In this segment, we will derive the formula for the variance of the geometric PMF.
The argument will be very much similar to the argument that we used to drive the expected value of the geometric PMF.
And it relies on the memorylessness properties of geometric random variables.
So let X be a geometric random variable with some parameter p.
The way to think about X is like the number of coin flips that it takes until we obtain heads for the first time, where p is the probability of heads at each toss.
Recall now the memorylessness property.
If I tell you that X is bigger than 1– which means that the first trial was a failure— we obtained tails.
Given that event, the remaining number of tosses has the same geometric PMF as if we were just starting at this time.
So it has the same geometric PMF as the unconditional PMF of X.
And this is the property that we exploited in order to find the expected value of X.
Now let us take this observation and add one to the random variables involved and turn this statement to the following version.
The conditional PMF of X– which is this random variable plus 1– is the same as the unconditional PMF of this random variable plus 1.
So it’s the same statement as before except that we added 1.
One consequence of the memorylessness that we have already seen and exploited is that the expected value of X in the conditional universe where the first coin flip was wasted is equal to 1– that’s the wasted coin flip– plus how long you expect to have to flip the coin until you obtain heads for the first time, starting from the second flip.
Since the conditional distribution of X in this universe is the same as the unconditional distribution of this random variable, it means that the corresponding expected value in this universe is going to be equal to the expected value of this random variable, which is 1 plus the expected value of X.
And by exactly the same argument, the random variable X squared has the same distribution in the conditional universe as the random variable X plus 1 squared in the unconditional universe.
So since X in the conditional universe has the same distribution as X plus 1, it means that X squared in the conditional universe has the same distribution as X plus 1 squared in the unconditional universe.
So now let us take those facts and use a divide and conquer method to calculate the expected value of X squared.
We will use exactly the same method that we used in order to calculate the expected value.
We separate into two scenarios.
In one scenario, X is equal to 1.
And then we have the expected value of X squared given that X is equal to 1.
And then we have another scenario– the scenario that X is bigger than 1.
And then we have the expected value of X squared given that X is bigger than 1.
So this is just the total expectation theorem.
Now let us calculate terms.
The probability that the first toss results in success, that X is equal to 1– this is p.
And if X is equal to 1, then the value of X squared is also equal to 1.

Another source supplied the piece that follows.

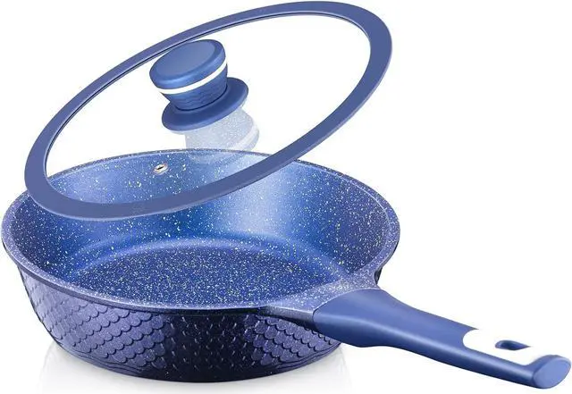 Ailwyn 8" Nonstick Small Frying Pan with Lid - 8 Inch Nonstick Skillets with USA Blue Gradient Granite Derived Coating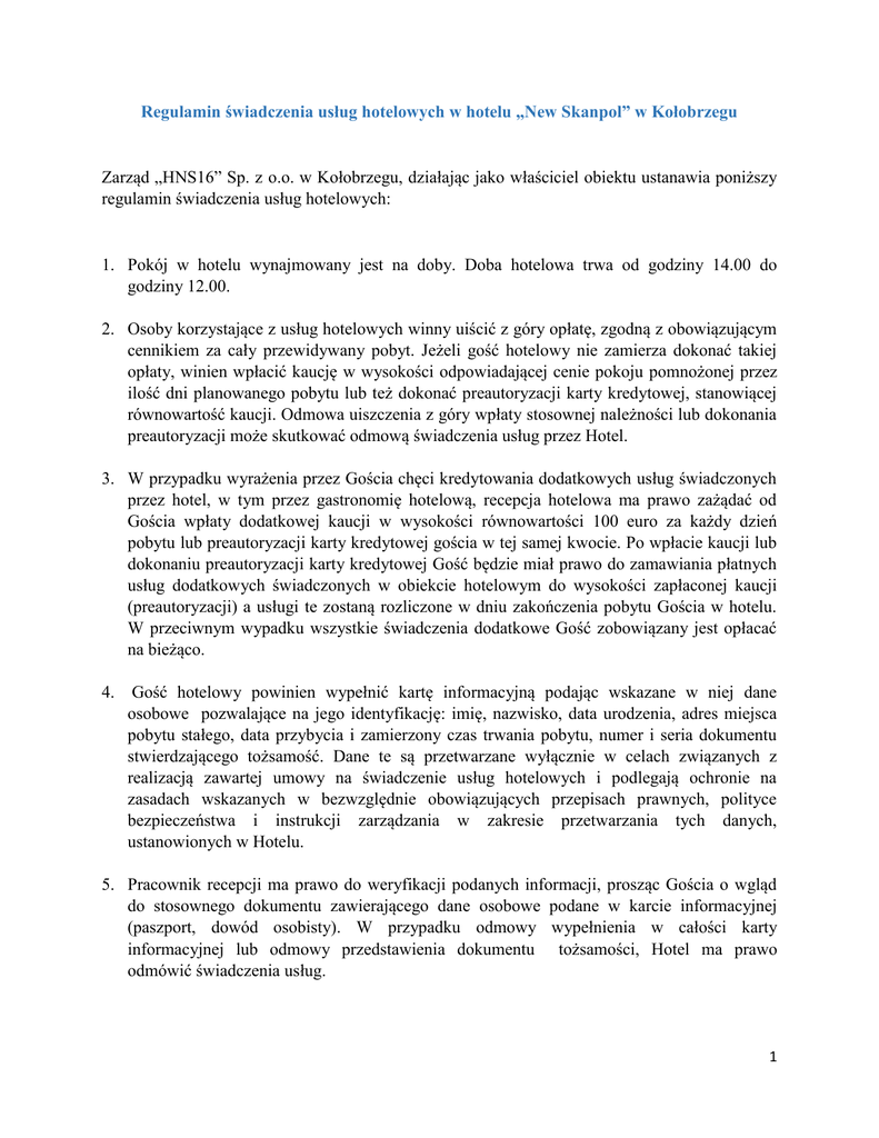 Regulamin świadczenia usług hotelowych w hotelu „New Skanpol” w Kołobrzegu Zarząd „HNS16” Sp. z o.o. w Kołobrzegu, działając jako właściciel obiektu ustanawia poniższy regulamin świadczenia usług hotelowych: 1. Pokój w hotelu wynajmowany jest na doby. Doba hotelowa trwa od godziny 14.00 do godziny 12.00. 2. Osoby korzystające z usług hotelowych winny uiścić z góry opłatę, zgodną z obowiązującym cennikiem za cały przewidywany pobyt. Jeżeli gość hotelowy nie zamierza dokonać takiej opłaty, winien wpłacić kaucję w wysokości odpowiadającej cenie pokoju pomnożonej przez ilość dni planowanego pobytu lub też dokonać preautoryzacji karty kredytowej, stanowiącej równowartość kaucji. Odmowa uiszczenia z góry wpłaty stosownej należności lub dokonania preautoryzacji może skutkować odmową świadczenia usług przez Hotel. 3. W przypadku wyrażenia przez Gościa chęci kredytowania dodatkowych usług świadczonych przez hotel, w tym przez gastronomię hotelową, recepcja hotelowa ma prawo zażądać od Gościa wpłaty dodatkowej kaucji w wysokości równowartości 100 euro za każdy dzień pobytu lub preautoryzacji karty kredytowej gościa w tej samej kwocie. Po wpłacie kaucji lub dokonaniu preautoryzacji karty kredytowej Gość będzie miał prawo do zamawiania płatnych usług dodatkowych świadczonych w obiekcie hotelowym do wysokości zapłaconej kaucji (preautoryzacji) a usługi te zostaną rozliczone w dniu zakończenia pobytu Gościa w hotelu. W przeciwnym wypadku wszystkie świadczenia dodatkowe Gość zobowiązany jest opłacać na bieżąco. 4. Gość hotelowy powinien wypełnić kartę informacyjną podając wskazane w niej dane osobowe pozwalające na jego identyfikację: imię, nazwisko, data urodzenia, adres miejsca pobytu stałego, data przybycia i zamierzony czas trwania pobytu, numer i seria dokumentu stwierdzającego tożsamość. Dane te są przetwarzane wyłącznie w celach związanych z realizacją zawartej umowy na świadczenie usług hotelowych i podlegają ochronie na zasadach wskazanych w bezwzględnie obowiązujących przepisach prawnych, polityce bezpieczeństwa i instrukcji zarządzania w zakresie przetwarzania tych danych, ustanowionych w Hotelu. 5. Pracownik recepcji ma prawo do weryfikacji podanych informacji, prosząc Gościa o wgląd do stosownego dokumentu zawierającego dane osobowe podane w karcie informacyjnej (paszport, dowód osobisty). W przypadku odmowy wypełnienia w całości karty informacyjnej lub odmowy przedstawienia dokumentu tożsamości, Hotel ma prawo odmówić świadczenia usług. 1 6. Wcześniejsze rezerwacje pokoi hotelowych mogą być dokonywane przy pomocy portali internetowych mających w ofercie usługi Hotelu, bezpośrednio w recepcji hotelowej, pisemnie , w tym także przy użyciu poczty elektronicznej kierowanej na adresy dostępne na stronie internetowej Hotelu: www.newskanpol.pl lub telefonicznie, a także za pomocą systemu rezerwacji dostępnego na wyżej wskazanej stronie internetowej. 7. W przypadku rezerwacji dokonywanych za pośrednictwem zewnętrznych portali internetowych, mają zastosowanie zamieszczone na ich stronach zasady i regulaminy dokonywania tych rezerwacji. 8. W przypadku rezerwacji dokonywanych bez pośrednictwa podmiotów trzecich, rezerwację uważa się za dokonaną skutecznie z chwilą potwierdzenia jej przez Hotel i uiszczenia przedpłaty stanowiącej 30% ceny za cały okres rezerwowanej usługi hotelowej. Przedpłata winna zostać dokonana najpóźniej w ciągu 7 dni od dnia otrzymania potwierdzenia rezerwacji, chyba, że wyraźnie zastrzeżono krótszy termin. Po bezskutecznym upływie tego terminu lub wpłacie kwoty niższej niż wskazana, Hotel ma prawo uznać rezerwację za niedokonaną i zwrócić wpłacone środki. 9. Uiszczona w trybie wskazanym powyżej przedpłata, z zastrzeżeniem przepisów poniższych, ulega zaliczeniu na poczet ceny usługi hotelowej. 10. Gość hotelowy ma prawo do bezkosztowej anulacji dokonanej rezerwacji i zwrotu całej przedpłaty, jeżeli oświadczenie w tej mierze złoży na piśmie najpóźniej na 7 dni przed rozpoczęciem pierwszej doby zarezerwowanego pobytu. 11. Jeżeli oświadczenie o anulowaniu rezerwacji, o jakim mowa w punkcie poprzedzającym, zostanie złożone później niż w terminie w nim wskazanym, ale najpóźniej na 48 godzin przed rozpoczęciem pierwszej doby zarezerwowanego pobytu, rezerwacja ulega anulowaniu, a Gość otrzymuje zwrot 50% wpłaconej przedpłaty. 12. W przypadku, gdy Gość anuluje rezerwację później niż na 48 godzin przed rozpoczęciem pierwszej doby zarezerwowanego pobytu, rezerwacja wygasa, a Gościowi nie przysługuje roszczenie o zwrot przedpłaty. 13. Jeżeli Gość, nie składając oświadczenia o anulowaniu rezerwacji, nie zarejestruje się w Hotelu do godziny 18:00 w pierwszej dobie rezerwowanego pobytu, a wartość uiszczonej przedpłaty jest niższa od ceny jednej doby pobytu w pokoju zarezerwowanym przez Gościa, rezerwacja wygasa, a Gościowi nie przysługuje roszczenie o zwrot przedpłaty. 14. Jeżeli Gość, nie składając oświadczenia o anulowaniu rezerwacji, nie zarejestruje się w Hotelu w ciągu pierwszej doby pobytu a wartość uiszczonej przedpłaty jest wyższa od ceny 2 jednej doby pobytu w pokoju zarezerwowanym przez Gościa, rezerwacja wygasa z upływem pierwszej doby, a Gościowi nie przysługuje roszczenie o zwrot przedpłaty. 15. Opiekunem i doradcą naszych Gości jest recepcja hotelowa. 16. Osoby odwiedzające naszych Gości proszone są o opuszczenie pokoi hotelowych przed godziną 22.00. 17. Cisza nocna trwa od godziny 22.00 do godziny 7.00. 18. Gość hotelowy nie może przekazywać pokoju osobom trzecim, nawet jeśli nie upłynęła doba, za którą uiścił należną opłatę za pobyt. 19. Jeśli Gość nie określił czasu pobytu najmując pokój przyjmuje się, że pokój został wynajęty na jedną dobę. Życzenie przedłużenia pobytu poza ok

And then there is probability 1 minus p that the first trial was not a success.
So we get to continue.
We have this conditional expectation here.
But it is equal to this unconditional expectation up there.
And now let us expand the terms in this quadratic and write this as expected value of X squared plus twice the expected value of X plus 1.
Now we know what this expected value here is.
The expected value of a geometric is just 1/p.
And what we’re left with is an equation that involves a single unknown.
Namely, this quantity is the unknown.
And we can solve this linear equation for this unknown.
We carry out some algebra, which is not so interesting by itself.
And after we carry out the algebra, what we obtain is that the expected value of X squared is equal to 2 over p squared minus 1 over p.
And then we use the formula that the variance of a random variable is equal to the expected value of the square of that random variable minus the square of the expected value.
We already know what that expected value is.
We found the expected value of the square.
And putting all that together, we obtain a final answer.
And this is the expression for the variance of a geometric random variable.
It goes without saying that for this calculation to make sense, we need to assume that the parameter that we’re dealing with is positive.